Here, when a bridge is generated between the storage electrodes 420, whether a bridge is generated may be detected through the test pattern illustrated in FIG. 4.

In the bridge detection method using the test pattern, a high voltage is applied to the metal pad 450 connected to one edge portion of the storage electrode contact 420 and connected to the other edge portion of the adjacent storage electrode contact 410. A low voltage is applied to the metal pad 450.

At this time, when a bridge is generated between the storage electrodes 420 as shown by 'B', the bridge acts as a current path so that the metal pad to which the low voltage is applied is applied to the metal pad 450 to which the high voltage is applied. 450, current flows in the direction of the arrow shown in FIG. 4. By detecting this, it may be determined whether the storage electrode bridge is generated.

As such, by forming a test pattern in the scribe lane area when the storage electrode is formed, it is possible to determine whether a bridge is generated using the test pattern before performing the probe test.

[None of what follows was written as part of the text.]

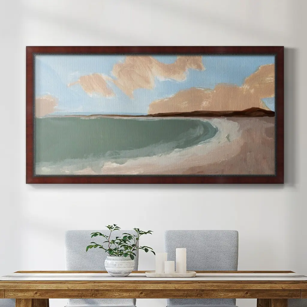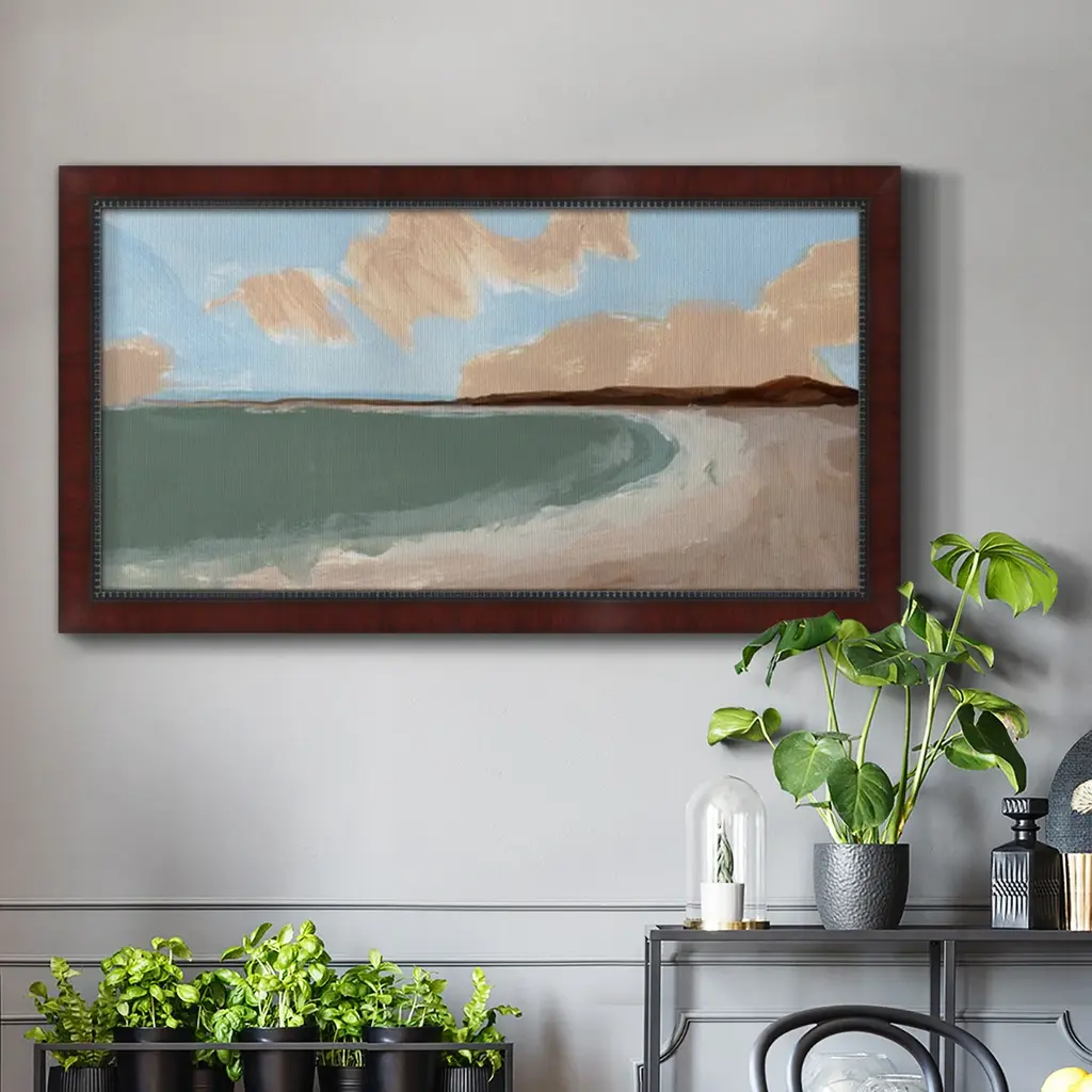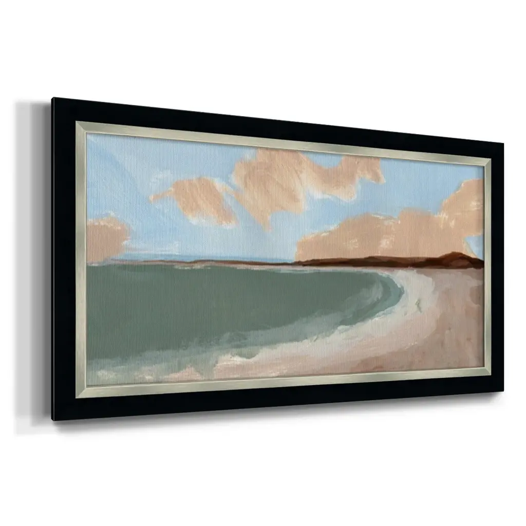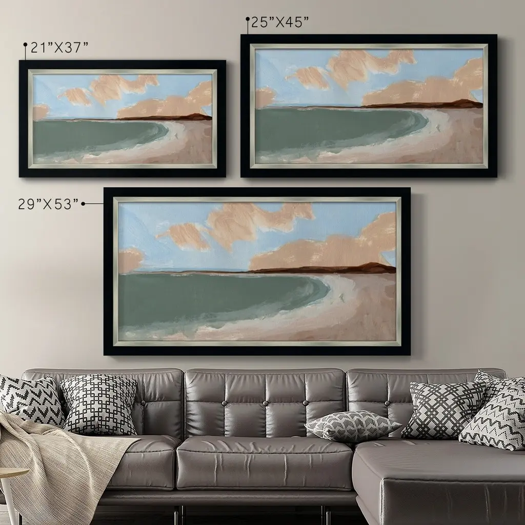 Long Shore II Premium Framed Canvas- Ready to Hang A Premium Framed Canvas created to last. Framed in distressed wood and available in an array of sizes and colors Featuring a beveled a solid wood stretcher bar, each piece comes ready to hand 3 SIZES AVAILABLE 21''X37'' - Overall Size 25''X45'' - Overall Size 29''x53'' - Overall Size Each piece is made to order. Each piece comes with hanging hardware. Made in the USA Ready to Hang Giclee Paper Print Acrylic Glass Beveled Matt Board

Therefore, it is possible to quickly feed back the presence or absence of operation of the device, thereby improving the characteristics of the device.

1 is a perspective view showing a method for manufacturing a semiconductor device according to the prior art.

Figure 2 is a photograph showing a problem of the manufacturing method of a semiconductor device according to the prior art.

3A to 3D are perspective views illustrating a test pattern and a method of forming the semiconductor device according to the present invention.

4 is a perspective view showing a test pattern of a semiconductor device according to the present invention.

<Explanation of Signs of Major Parts of Drawings>

300, 400: first interlayer insulating film 310, 410: storage electrode contact

310a, 410a: pad portion 320, 420: storage electrode

330 and 430 second interlayer insulating film 340 and 440 metal contact

350, 450: metal pad

Claims (6)

Etching the semiconductor substrate in the scribe lane region to form a bar trench; Filling the bar trench to form a storage electrode contact; Forming a plurality of storage electrodes on the storage electrode contacts; Forming an interlayer insulating film on the entirety including the storage electrode; Forming a metal contact penetrating the interlayer insulating layer and connected to an edge portion of the storage electrode contact; And Forming a metal pad in contact with the metal contact Test pattern formation method of a semiconductor device comprising a. The method of claim 1, The bar trench trench side edge portion includes a pad portion having a CD larger than a CD (critical dimension) of the storage electrode contact. The method of claim 2, And the metal contact is connected to the pad part. In the test pattern of the scribe lane region, A bar storage electrode contact; A pad part provided at one edge of the storage electrode contact; A plurality of storage electrodes connected to the storage electrode contacts; A metal contact connected to a pad portion of the storage electrode contact; And A metal pad connected to the metal contact Test pattern of a semiconductor device comprising a. The method of claim 4, wherein The storage electrode contact adjacent to the storage electrode contact is a test pattern of the semiconductor device, characterized in that the pad portion is provided on the other edge portion. The method of claim 4, wherein The test pattern of the semiconductor device, characterized in that for testing whether the storage electrode bridge occurs by applying a voltage to each of the metal pad.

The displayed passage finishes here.